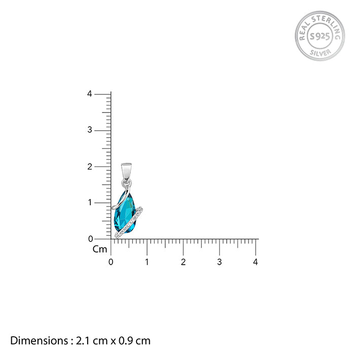 This silver pendant features a blue-coloured stone with a zircon-studded ring around it.
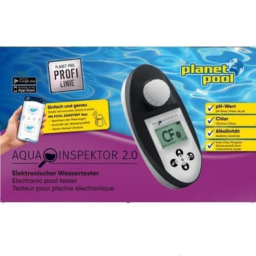 "Aqua inspektor" je elektronski tester za hitro in natančno merjenje parametrov bazenske vode. Merilna posodica je integrirana, tester se potopi v vodo in doda reagentna tabletka. Voda v merilni posodici se obarva. Naprava fotometrično odčita rezultat in ga prikaže na LCD prikazovalniku.
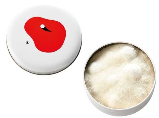 自家製のマシュマロの中に、青森県産リンゴを使用したリンゴジャムを包み込んだお菓子です。シンプルなリンゴの絵柄が特徴。

> _WORK ORDER_
Set down the whole listing word for word, omitting the pictures.

> _PROBLEM SOLUTION_
 This silver pendant features a blue-coloured stone with a zircon-studded ring around it.
 "Aqua inspektor" je elektronski tester za hitro in natančno merjenje parametrov bazenske vode. Merilna posodica je integrirana, tester se potopi v vodo in doda reagentna tabletka. Voda v merilni posodici se obarva. Naprava fotometrično odčita rezultat in ga prikaže na LCD prikazovalniku.
 自家製のマシュマロの中に、青森県産リンゴを使用したリンゴジャムを包み込んだお菓子です。シンプルなリンゴの絵柄が特徴。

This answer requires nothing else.